A cargo ship in the Indian Ocean. | India Shipping News

Tariq Ahmad Karim
Tariq Ahmad Karim - Director, Centre for Bay of Bengal Studies, Independent University, Bangladesh

The Bay of Bengal countries have the potential to form a cohesive community that fosters economic cooperation, promotes peaceful connectivity, and addresses common challenges, charting a path toward prosperity and security for the region and beyond. However, only with an expanded configuration could it then embark on putting in place a regional governance framework for the Bay of Bengal microcosmic entity that could serve as a model for other regions.

Introduction

Our planet, Earth, is predominantly made up of oceans, with 71% of its surface covered in water. All oceans are integrally interlinked in our oceanic planet. What happens in one ocean can and often does impact other such water bodies. The Indian Ocean – the third-largest ocean in this configuration – by virtue of its geographical location is sometimes referred to as the “Great Middle Bay”. It has catapulted to become a dominant global geopolitical and economic force and arena for contestation in the 21st Century, with its geopolitical importance being dramatically increased by virtue of its increasing centrality in global trade, industry, labour, environment and security issues.

Colonization resulted in the European powers competing for access to resources and new domains as markets overseas, far from their own native shores, and conducting extensive trade with or economic exploitation of those regions mostly using the sea lanes. Their quest for extractable resources and markets was essentially enabled by sea power. The strategic significance for trade and military movement was further enhanced by maritime connectivity to distant regions.

Successive colonial powers such as the Portuguese, the Dutch, the French and the British used the sea lanes to foray into the Indian Ocean Region (IOR) to establish colonies in the 18th/19th Centuries. British colonial power asserted itself the most using this newfound sea power. By 1900 through their ability to dominate the sea lanes, Britain had turned the Indian Ocean “into a British Lake”. Today, over 90% of global trade by volume uses sea routes.

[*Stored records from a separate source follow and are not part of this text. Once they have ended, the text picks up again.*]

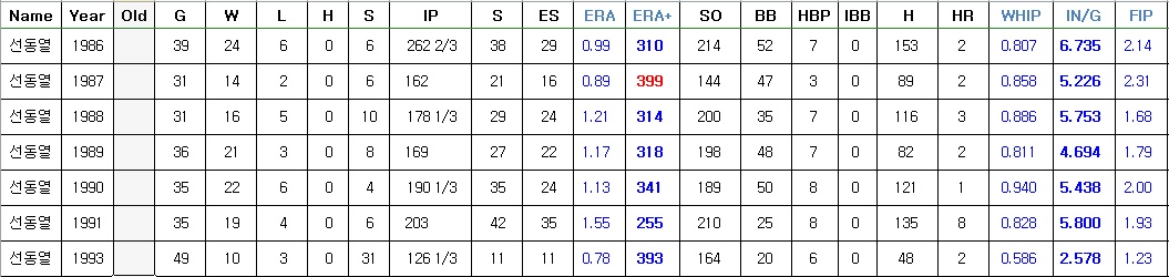 물론 당시에는 지금처럼 선수들의 실력차가 평준화되지 않았고 다소 극심하긴 했습니다만 선동열은 그냥 리그 수준 자체를 초월했다고 봐야 하는거 같습니다. 이런 경우에는 사실 기록이 크게 의미가 없죠. 류현진도 KBO에서는 기록이라는게 의미가 없는 선수였구요.
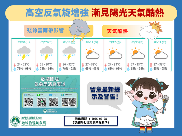 「塔巴」登陸後移入內陸及逐漸減弱,但氣象局提醒受其殘餘雲帶的「風尾雨」影響,周一至周二初時本澳天氣仍不穩定,有大驟雨及雷暴;隨著高空反氣旋逐漸增強,周四起驟雨會減少,陽光將會增多,天氣將會再次變得酷熱,最高氣溫可達攝氏約33度,巿民要提防中暑和適時補充水份,避免長時間在戶外活動。
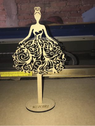 Descubre nuestro vector descargable para diseñar un hermoso centro de mesa calado 🎉. Presenta una elegante figura de mujer con vestido de quinceañera, ideal para tus celebraciones. Además, cuenta con una base personalizable que garantiza que se mantenga en pie. ¡Haz tu evento inolvidable con este diseño único! 🌟
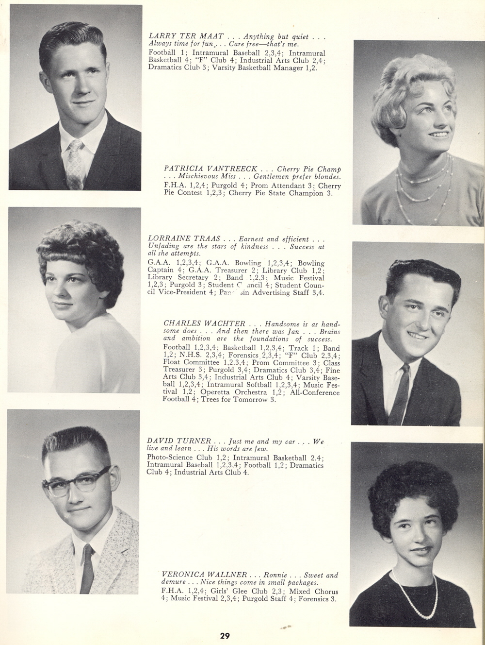 1962 Sheboygan Falls High School, Page 29: Larry Ter Maat, Lorraine Traas, David Turner, Patricia Vantreeck, Charles Wachter, Veronica Wallner.
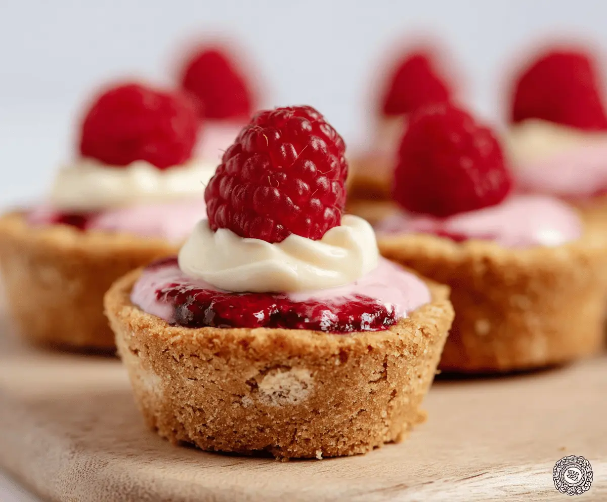 Delicious raspberry cheesecake cookie cups with fresh berries and creamy filling
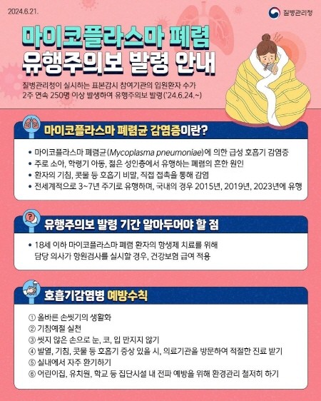 올해 마이코플라스마 유행주의보가 최초로 발령되면서 질병관리청은 호흡기감염병을 진료하는 내과, 소아청소년과, 이비인후과를 포함한 의료기관을 대상으로 마이코플라스마 폐렴균 항원검사를 적극 활용하도록 안내하고 있다.
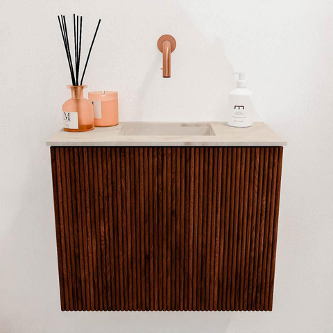 Avec ce magnifique meuble, vous donnez immédiatement à votre salle de bains ou toilettes d'invités un aspect élégant et chaleureux. Le format compact de 50 cm de large le rend idéal pour les petits espaces où vous ne voulez pas faire de compromis sur le design et la fonctionnalité. La combinaison de la couleur Ruby profonde et riche avec la vasque douce Frappe crée un contraste étonnamment élégant qui donne à votre salle de bains une ambiance luxueuse et accueillante. Grâce à la conception intelligente avec une porte et la possibilité de fixer le meuble au mur, vous créez facilement un espace de rangement supplémentaire sans prendre de place. Ainsi, vous gardez tout propre et organisé, tout en profitant d'un meuble intemporel et de haute qualité qui dure des années.

American Admiral Mahan strategically foresaw the importance of the oceans for nations when he famously enunciated:

“Letus not shrink from pitting a broad self-interest against the narrow self-interest to which some would restrict us …. Let us start with the fundamental truth, warranted by history, that the control of the seas, and especially along the great lines drawn by national interest or national commerce, is the chief among the merely material elements in the power and prosperity of nations. It is so because the sea is the world’s great medium of circulation …”

– Admiral Alfred Thayer Mahan, US Naval Historian and Strategist (Army & Navy Journal of London, January 1898)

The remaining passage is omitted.